Asked for comment, a spokesperson for Ruiz referred Capital & Main to the representative’s recent plea to Newsom for emergency funding for the Blythe facility, Palo Verde Hospital, which itself is facing imminent threat of closure. “This is a public emergency,” Ruiz said. “The closure of this hospital puts lives at risk. … Patients will suffer. Patients will die.”
The Democratic-controlled California State Legislature has pushed back on many of Newsom’s proposed cuts, and negotiations are likely to continue well past the June 15 target date to have a budget in place for 2025-26. But the Medi-Cal freeze on undocumented immigrants appears to have support, as does the notion of siphoning off some Prop. 35 money — meaning that rural hospitals are likely to continue to scratch and claw to find ways to stay open.
It fits a pattern.
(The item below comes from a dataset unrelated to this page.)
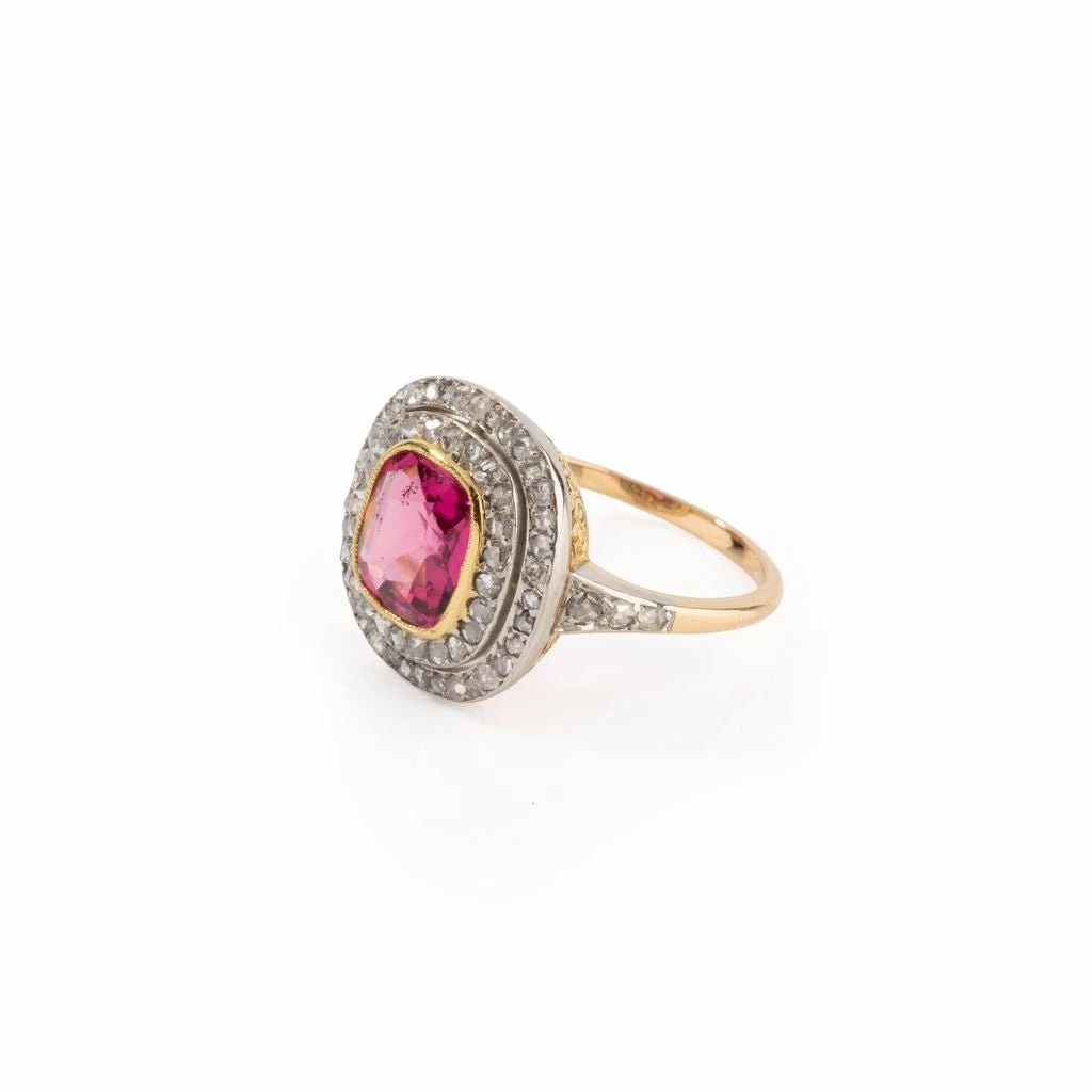 Bague en or jaune et platine sertie d’une tourmaline taille coussin et d’un double entourage de diamants taille rose.

From January 2013 to February 2020, more than 100 rural hospitals closed across the country, according to the U.S. Government Accountability Office. In California, the Corcoran District Hospital in the San Joaquin Valley shuttered in 2013, and Madera Community Hospital closed and filed for bankruptcy in 2023 before reopening in March at a reduced level, with no maternity services.
Salamacha is determined that Mee Memorial not be the next to close. She and her team are exploring potential grant funds and ways to apply for charity care for certain patients. They’ve written letters to everyone they can think of, including local, state and federal legislators. And they know that, in the end, they’re a small part of a very big picture.
“The hardest hit, I believe, will be the rural hospitals,” she said. “These people have nowhere else to go.”